Were they? Lincoln stared at her, at the blue eyes he’d once seen his future in. He couldn’t deny it, he’d taken her for granted. He’d put work first. If he was honest, and it hurt to be honest, at times he had treated her like an accessory, just as she said. He’d betrayed her too. He could see it now—flashes of Lucy, glammed up and smiling as she presented him with Cirque du Soleil tickets for the anniversary date he’d forgotten about due to an important meeting. Lucy sidling up to him on the couch as he sat, laptop in front of him, her hand on his thigh, moving higher, higher, and him pushing it away. Not now, Darling, I have to work. Lucy, time and again, suggesting a walk, a dinner, a play, and him saying no. He’d told himself he’d been doing it for them, for her, and he’d believed it.
Lincoln’s throat tightened. I’m sorry, he tried to say, but the words wouldn’t come.
“Anyway,” Lucy let out the slightest smile, “looks like I’m getting my just rewards.”
Lincoln’s eyebrows raised.
“Joseph is furious.”
They furrowed.
Lucy circled her belly once more, the gown trailing from her fingers. “He says he’ll be there for the baby. Support it. Support me, even if I don’t want to work. Even if I want to stay home with the child. But he called off the wedding.”

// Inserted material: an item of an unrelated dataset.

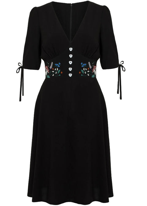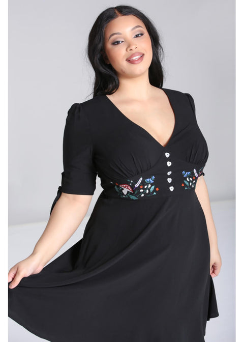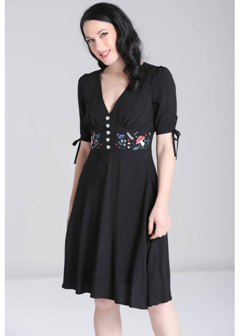 Hell Bunny Natura Mushroom 40's Swing Dress Black

Lincoln stepped forward. “What?”
“Maybe not forever. But for now, I guess. Your Dad dying, that’s taken its toll on him, I could see that. I think it’s reminded him how important family is. How important you are. He couldn’t believe I lied. Said he couldn’t even look at me the same. He didn’t accept my explanation that, in a way, you cheated on me first.”

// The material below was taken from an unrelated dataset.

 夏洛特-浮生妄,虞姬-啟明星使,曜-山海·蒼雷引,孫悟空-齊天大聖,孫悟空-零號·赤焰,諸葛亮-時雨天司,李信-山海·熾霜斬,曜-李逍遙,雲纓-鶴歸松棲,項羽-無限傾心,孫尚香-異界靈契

She shook her head. “He said everything we have is based on a lie. And at this point in his life, he can’t have that. He needs something true. Real. He needs family.”
She bit her lip, and an image of Kali flashed through Lincoln’s mind.
“But this baby’s family too. And me now, kind of.” She shook her head once more. “Anyway, I just ... I’ve been wanting to say I’m sorry. For it all.” Her eyes glazed over; she blinked rapidly and held a finger under one eye.
Lincoln stepped toward her, confused and disturbed at the urge to take her in his arms, offer comfort.
She wasn’t a monster. Neither was he. “I’m sorry too.”
“What?” Her eyes widened.
“For not seeing you. For letting you feel alone. Unwanted.”
“No.” She waved a hand between them. “No. That’s not why ... that’s not what ...”
“I’m sorry, Lucy.” He rested a hand on her shoulder, the touch shocking them both. “I hold fault too.”
A tiny sob escaped as she looked up at him.
“We all lie sometimes. I think I was lying to myself.”
Her perfect brows furrowed.
“Blaming it all on you. Feeling like a victim.” Lincoln took a deep breath. “I’m not sure I can say I hope you and Joseph figure it out, but I want to be able to say that.” Lincoln hesitated. “Do you love him?”
She nodded.
Lincoln nodded back. “I should go.”
Lucy’s mouth opened and hung there, no sound coming out. Lincoln left the room and made his way to the noise of the crowd, feeling as if his world had inverted.
If he could forgive Lucy that, and he could. If he could forgive himself, how could he not forgive Kali?